# Can I watch two things on TV w/ the Dish 922 Receiver? ...



## speedmaster (Nov 28, 2006)

We just ordered the 922. Currently we have the SD 625 receiver and can watch TV on TV1 in the living room and something else on TV2 in our bedroom.

My wife is convinced that the specs say that you can watch something on TV1 in HD and on a Sling enabled device, and that's it. She is worried that we won't be able to watch two things at once on two TVs.

Can you confirm? ;-)

Thanks


----------



## James Long (Apr 17, 2003)

speedmaster said:


> We just ordered the 922. Currently we have the SD 625 receiver and can watch TV on TV1 in the living room and something else on TV2 in our bedroom.
> 
> My wife is convinced that the specs say that you can watch something on TV1 in HD and on a Sling enabled device, and that's it. She is worried that we won't be able to watch two things at once on two TVs.
> 
> ...


TV2 is now active on the 922 but if you are using the Sling feature it temporarily goes away.

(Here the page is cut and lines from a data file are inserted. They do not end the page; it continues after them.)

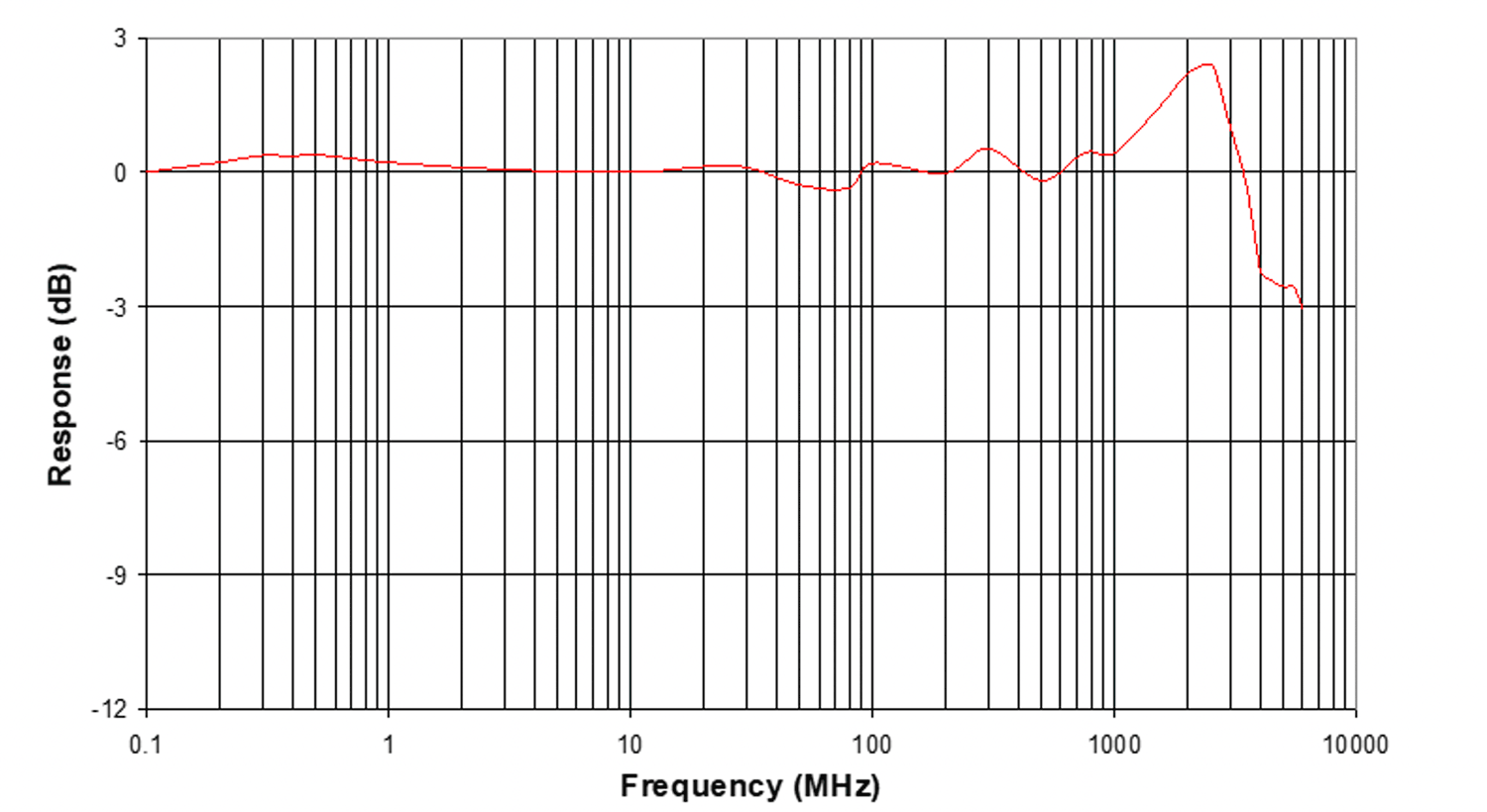 The frequency response of a probe is one of the first probe specifications to consider and is the frequency range over which the probe’s performance is defined. Since no probe can provide a completely flat response across the entire frequency range, this spec is accompanied by a tolerance figure, generally provided as a ±dB allowable variation band. An example of a frequency response curve is shown in Figure 1. If the probe does not cover the entire frequency range of the test application, multiple probes may be required.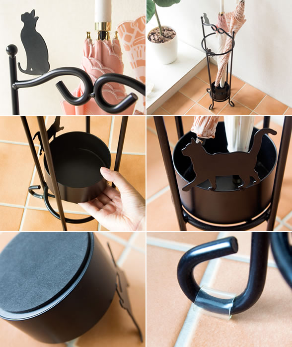 送料無料 アンブレラスタンド スリム 黒猫 猫脚 コンパクト 傘立て アイアン アンブレララック 玄関 傘たて カサ立て 玄関収納 水受けのトレイ付き レインスタンド 高級感 スチール 可愛い かわいい シンプル 北欧 おしゃれ
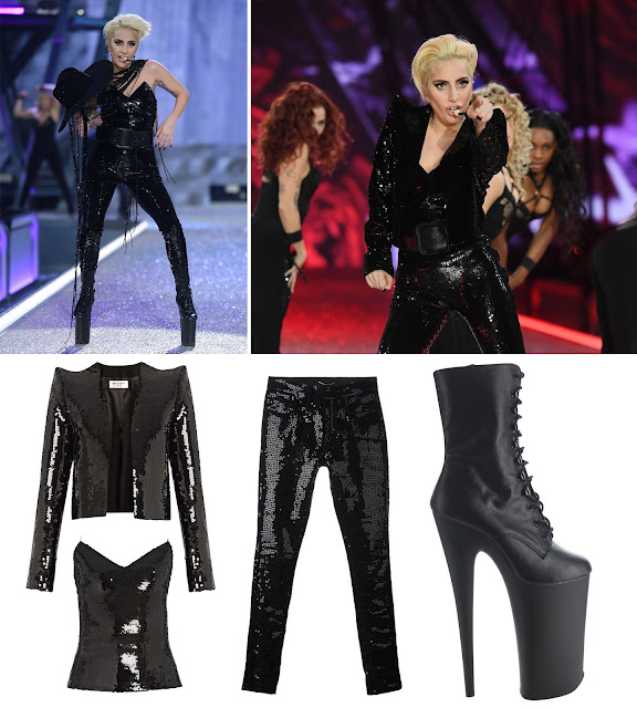 Con el cambio de canción, llegó el cambio de outfit. Esta vez, para la actuación de 'A-YO', Gaga opta por diferentes piezas de la última colección de Hedi Slimane para YSL, como el tuxedo en color negro con lentejuelas del look 38, el top sin mangas en forma de V del look 31 o los leggings del look 20, todo en lentejuelas negras. Como complementos, caben mencionar el cinturón oversized de YSL y las plataformas del 25 centímetros de Pleaser Boots.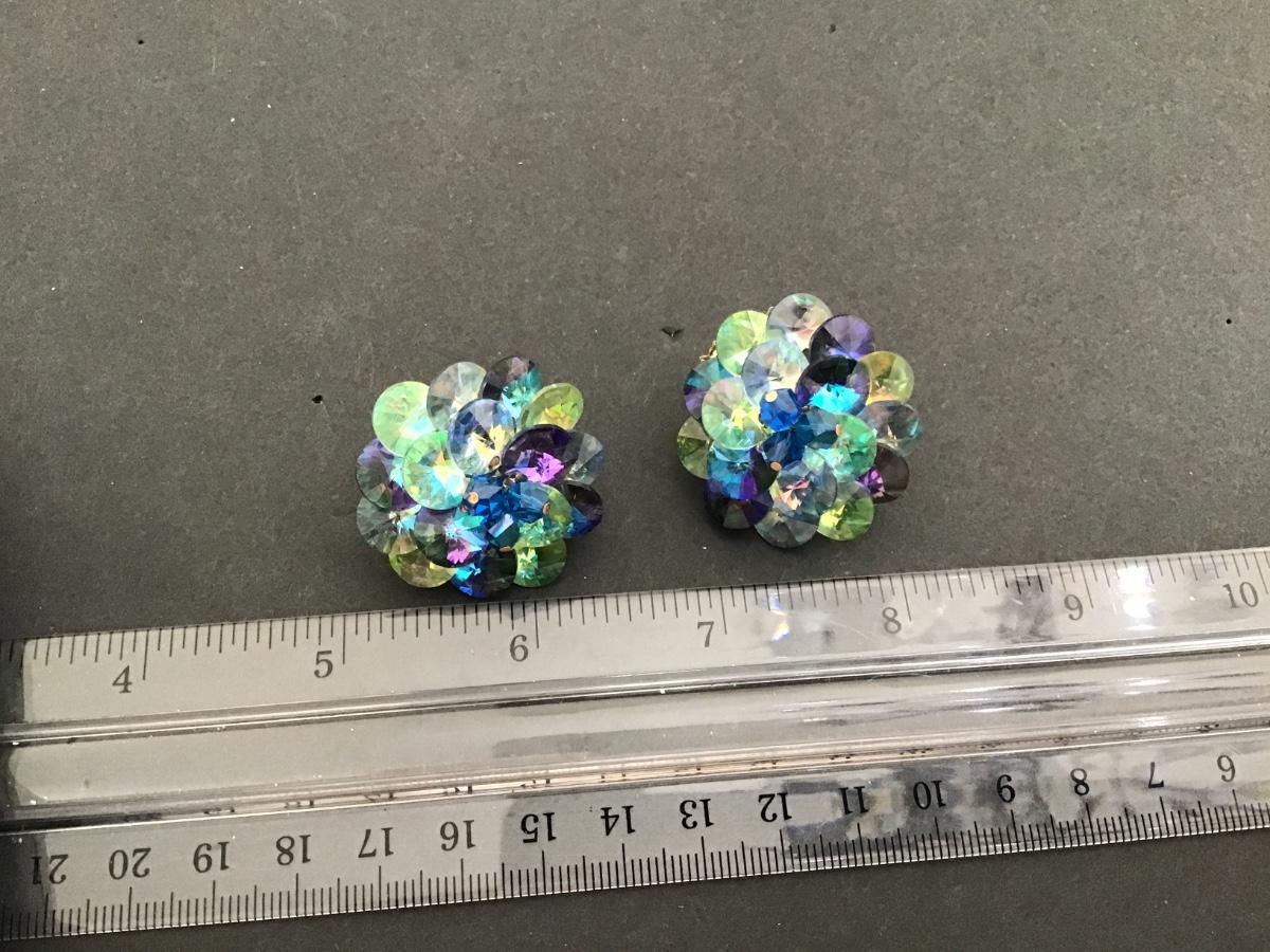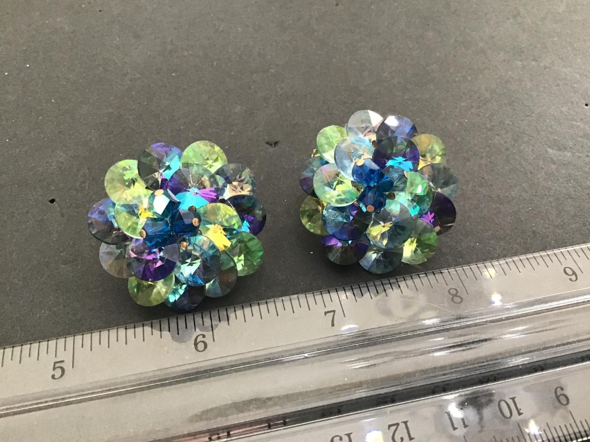 Vendome Rivoli Aurora Borealis Clip on Earrings

When the 922 was first put in the wild TV2 was disabled ... but one of the software updates fixed that.


----------



## speedmaster (Nov 28, 2006)

James Long said:


> TV2 is now active on the 922 but if you are using the Sling feature it temporarily goes away.
> When the 922 was first put in the wild TV2 was disabled ... but one of the software updates fixed that.


Ahhh. That makes sense. Thanks very much! ;-)


----------